See also: Daffy

English edit

Pronunciation edit

  • (UK) IPA(key): /ˈdæfi/
  • (file)
  • Rhymes: -æfi

Etymology 1 edit

From daff +‎ -y.

Adjective edit

daffy (comparative daffier, superlative daffiest)

  1. (colloquial) Somewhat mad or eccentric.
    Synonyms: crazy, nutty, wacky
    • 1898 September 30, Willa Cather, The Westbound Train[1]:
      Now I'm hungry as a Rocky Mountain lion so come, let's go and get this poor, daffy, tealess widow and wine and dine with her and make it all up.
    • 1909, Gene Stratton-Porter, chapter I, in A Girl of the Limberlost:
      "You've gone so plum daffy you are forgetting your dinner," jeered her mother.
    • 1922, F. Scott Fitzgerald, chapter IV, in O Russet Witch!:
      He was daffy about her and she could twist him around her little finger.

Etymology 2 edit

Noun edit

daffy (plural daffies)

  1. (informal) A daffodil.

Etymology 3 edit

An allusion to an old medicine known as Daffy's Elixir.

Noun edit

daffy (uncountable)

  1. (UK, slang, dated) Gin.
    • 1837-39, Charles Dickens, Oliver Twist
      “Do you give the children Daffy, Mrs.

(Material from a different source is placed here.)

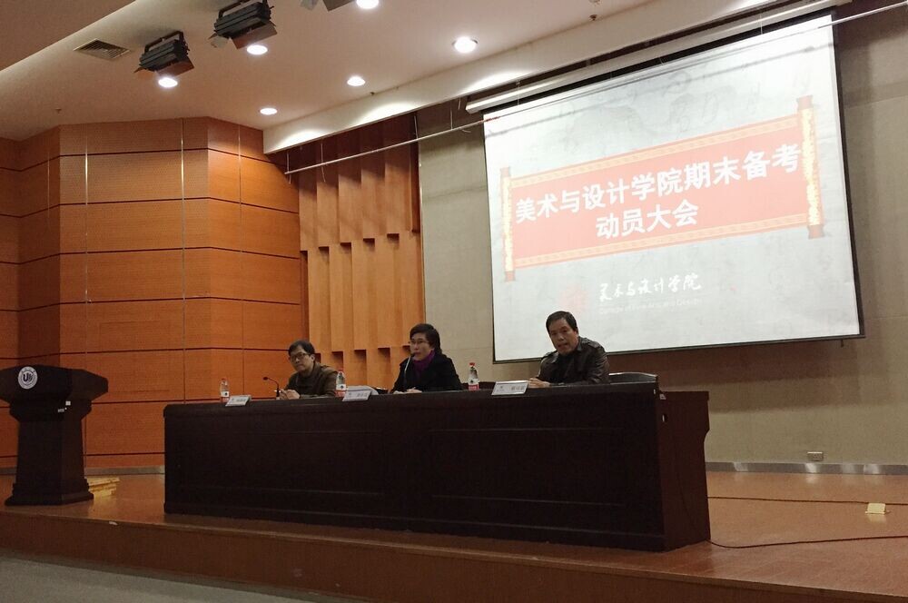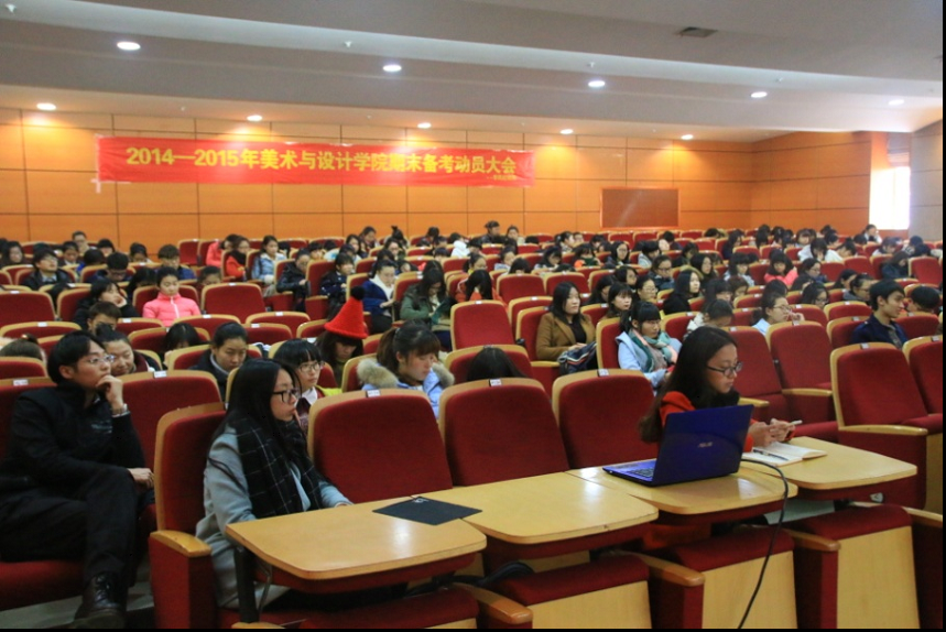 为了激励学生主动复习,自信迎考,诚信应考,营造良好考风学风。1月7日下午,黑料网 在南校雁山厅举行了2014-2015学年第一学期期末备考动员大会。出席此次会议的有学院党总支书记郑彩莲、副院长蔡可群和副书记杨振海,以及全体大一新生与老生代表。杨振海副书记主持会议。首先,蔡可群副院长围绕学院“学风建设年”的实施背景,结合艺术专业的学习特点,从学习态度、学习方式与学习方法等角度阐述了学风建设在人才培养过程中的重要性,并强调考风是学风建设的集中体现,也是彰显公平竞争的具体体现。随后,郑彩莲书记针对期末备考与诚信考风做了严爱相济、语重心长的指导讲话。她指出,诚信作为新时期社会主义核心价值观的重要内容,是衡量个人品行优劣的道德标准之一。她结合具体案例从考风形势预判、考风违纪预案处置、考风信息及时传递、诚信考风人品考量等方面强调了“诚信考试是硬道理”的理念。她强调党支部、团委、班委要做好诚信考风的宣传工作,更要发挥模范带头作用,以良好的考风促学风。她希望同学们能够自觉遵守考场纪律,让考场成为一片公平角逐、展现实力的净土。她更希望能够看到一个大家都你追我赶,求知若渴的美院,而每一个置身其中的人都能感到欣慰和自豪。最后,杨振海副书记勉励同学们在期末考试中,不仅要交出专业知识的水平之卷,更要交出诚信的品行之卷。

Mann?” inquired Bumble, following with his eyes the interesting process of mixing.
    • 1954, Denzil Batchelor, Big Fight: The Story of World Championship Boxing, page 44:
      [] he failed repeatedly until he took over his famous house in Haymarket, where for many years, surrounded by such admirers as Byron, Tom Moore and Hazlitt, he smoked his yard of clay, drained his glass of 'daffy', and []
    • 1991, Julie Caille, Change of Heart, page 255:
      Within Castle Tavern, at Holborn, Charles Perth and Lord Lucan were drowning their disparate sorrows in a glass of daffy.